Assessing the significance of differences between the frequencies of IL1 β (T-31C) gene loci in the HCG group compared with the healthy sample, it was found that there were no statistically significant differences between the loci of the studied marker. Statistically unreliable differences between groups with HCG and healthy showed low functional activity that does not play a role in the mechanism of HCG formation (Table 1).
When analyzing the distribution of IL1 β (T-31C) gene loci in the CP group compared with the healthy group, a more frequent carriage of unfavorable attenuated variants and less favorable main loci was found.
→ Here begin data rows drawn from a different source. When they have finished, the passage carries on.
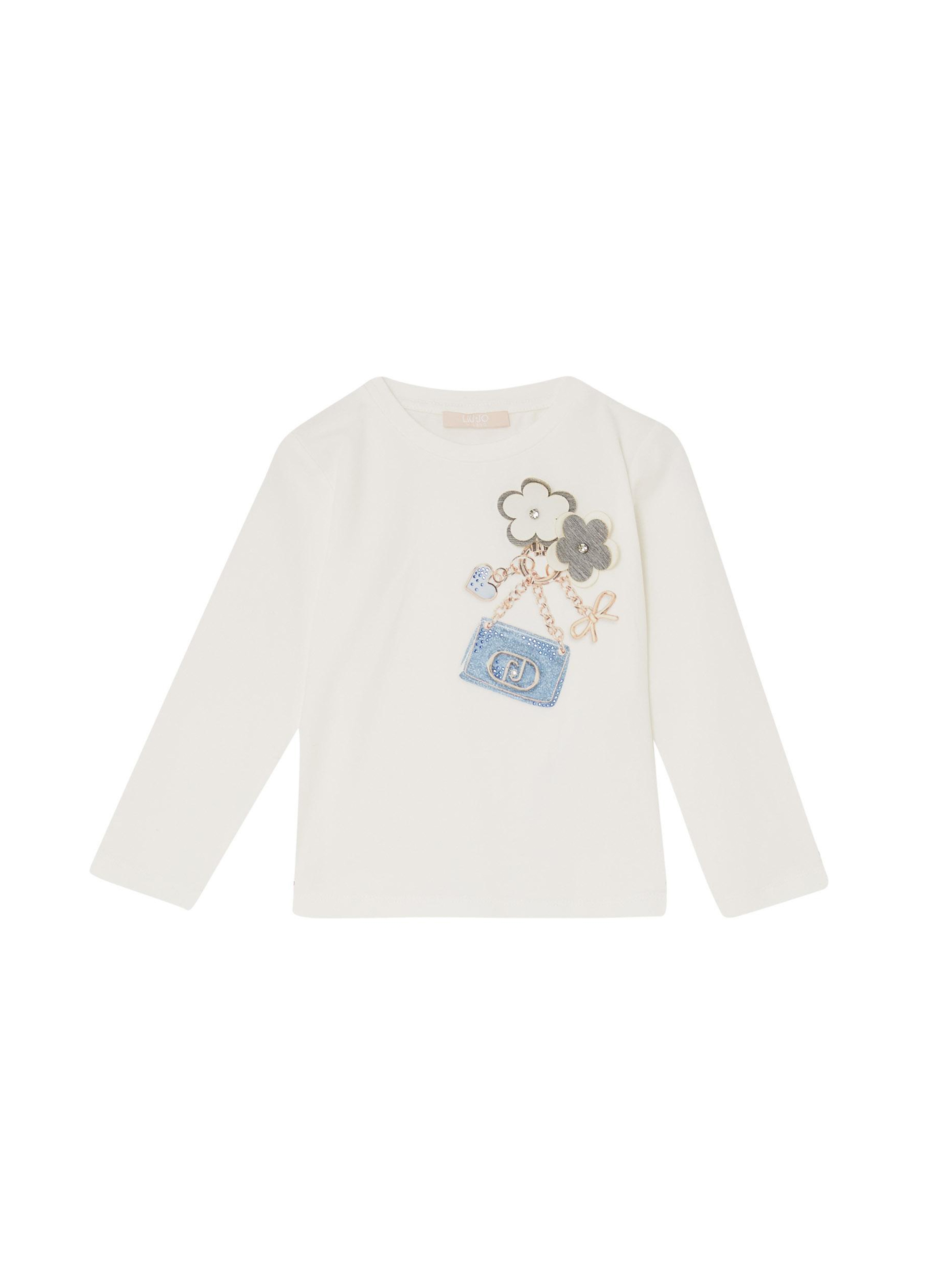 T-shirt in jersey di cotone stretch, a maniche lunghe, con collo rotondo, a tinta unita, con stampa grafica con strass e logo sul davanti. Per un look casual a chic. LIU.JO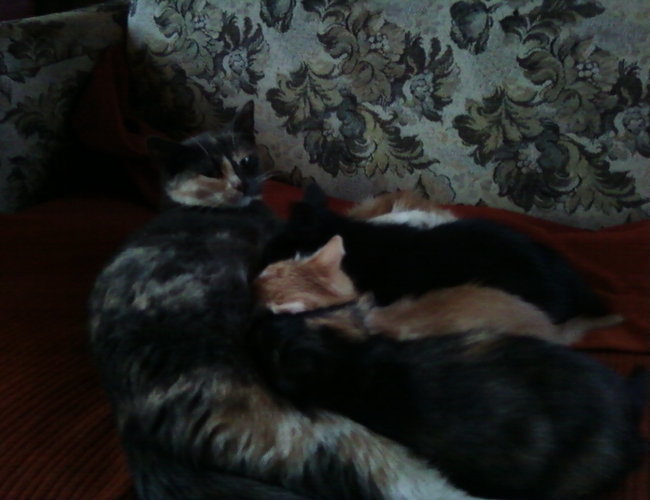 Четверым котятам(возраст около 3-х месяцев) и кошке. Живут на турбазе, в дом не разрешают пускать, кормят три дня через неделю, кругом лес, до ближайшего населенного пункта 6 км. Пока котята здоровые. Кошку подбросили на турбазу.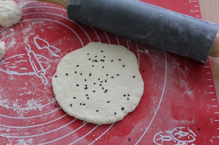 Насыпаем щепотку кунжута и раскатываем лепешку с одной стороны. Потом перевернем, снова насыпаем кунжут и прокатаем снова скалкой.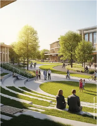 Forest-themed architecture, vertical greenery, expansive open landscapes, and wellness planning create cooler environments and distinctive luxury living experiences for residents.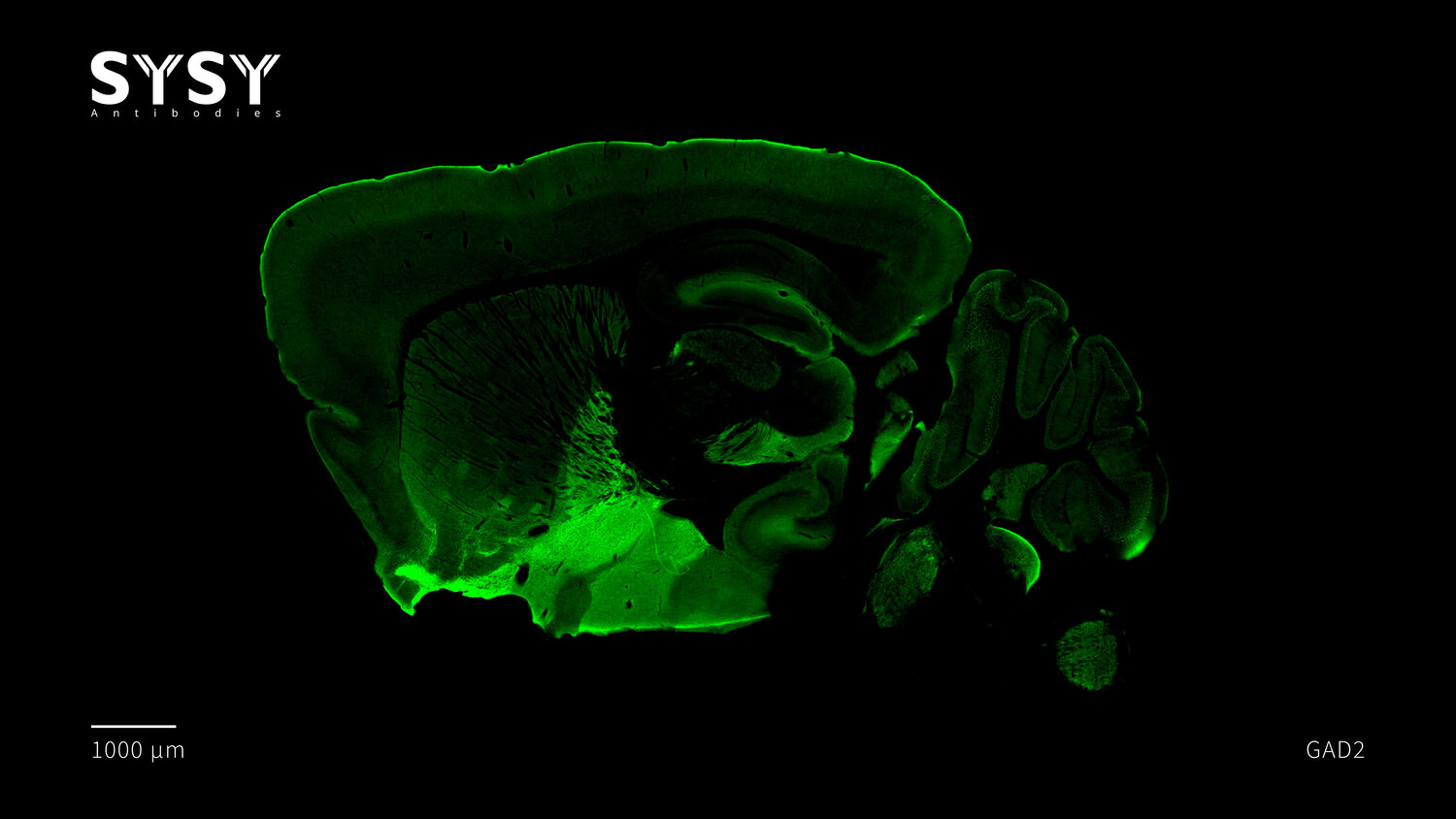 Indirect immunostaining of a formaldehyde fixed sagittal mouse brain section with chicken anti-GAD2 antibody (cat. no. 198 109, dilution 1 : 5000).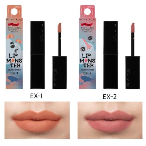 ▲【数量限定】ケイト リップモンスター スフレマット 新2色(EX-1 蜜柑雲シフォン、EX-2 羊雲のゆりかご) 各¥1,650(税込、編集部調べ)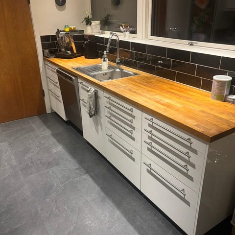 Brugt IKEA køkken sælges inkl bord plade som dog trænger til en kærlig hånd.
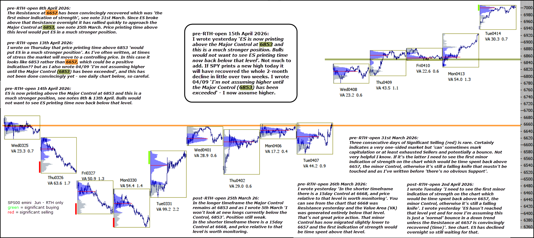 I wrote yesterday ‘ES is now printing above the Major Control at 6853 and this is a much stronger position. Bulls would not want to see ES printing time now back below that level‘. Not much to add. If SPY prints a new high today it will have recovered the whole 2-month decline in little over two weeks. I wrote 04/09 ‘I’m not assuming higher until the Major Control (6853) has been exceeded‘ – I now assume higher.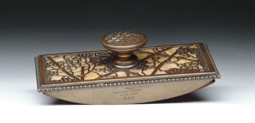 TIFFANY ROCKER BLOTTER. Nice Tiffany blotter has openwork grapevine pattern with carmel slag glass backing on both the blotter body and handle. Signed on the side "Tiffany Studios New York 995". SIZE: 5-7/8 in. x 3 in. CONDITION: Slag glass backing has two cracks, otherwise very good. 5-61163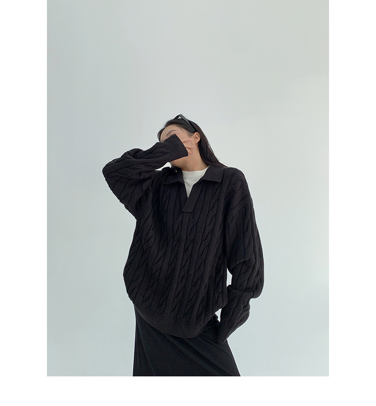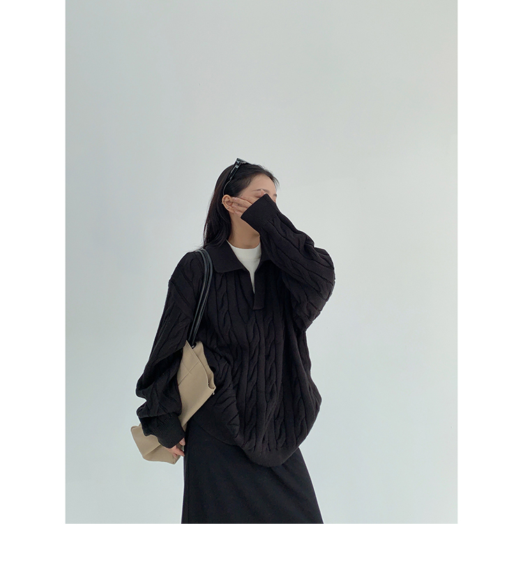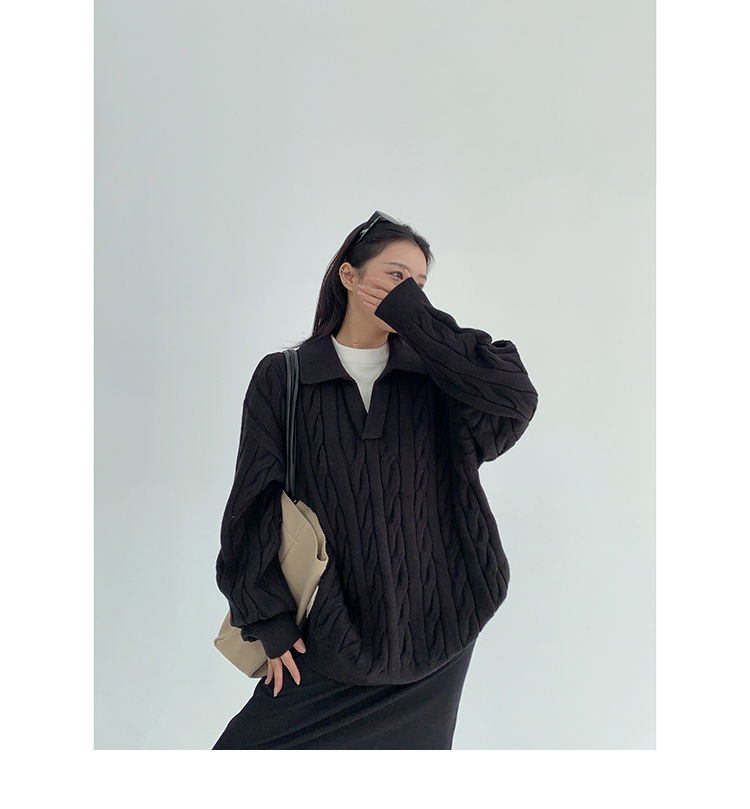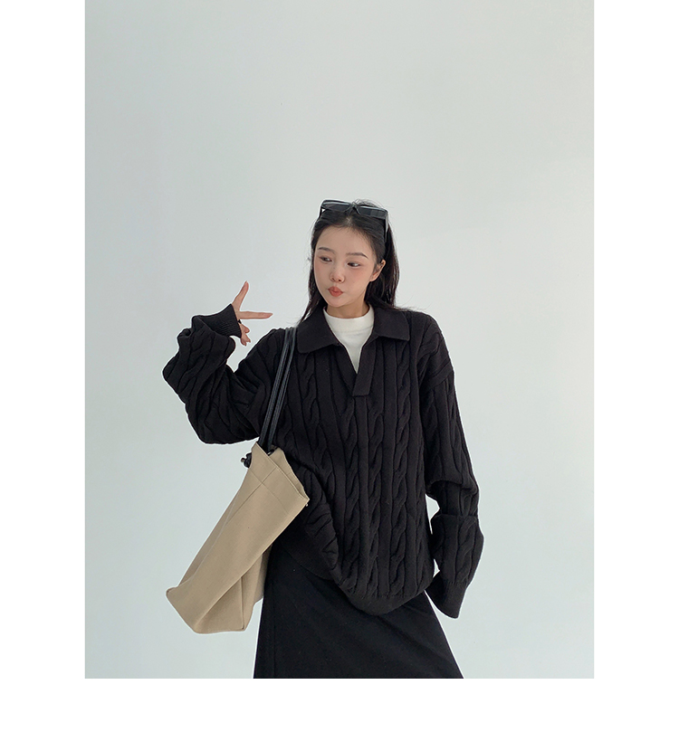 【商品名】【トップス】フェイクレイヤード風 プルオーバー ニット レディース ゆったり厚手 折り襟デザイン【FCシリーズ】

However, despite the fact that in the group with CP, the frequency of the attenuated C allele was 1.2 times higher (35.2% vs. 31.9%; χ2=0.3; P=0.6; OR=1.2; 95%CI: 0.67 - 2.01), and the frequencies of attenuated T/S variants in 1.1 (38.6% vs. 36.3%; χ2=0.1; P=0.8; OR=1.1; 95%CI: 0.52 - 2.36) and C/C by 1.2 times (15.9% vs. 13.8%; χ2=0.1; P=0.8; OR=1.2; 95%CI: 0.42 - 3.32) the differences in comparison with healthy individuals had no significant significance.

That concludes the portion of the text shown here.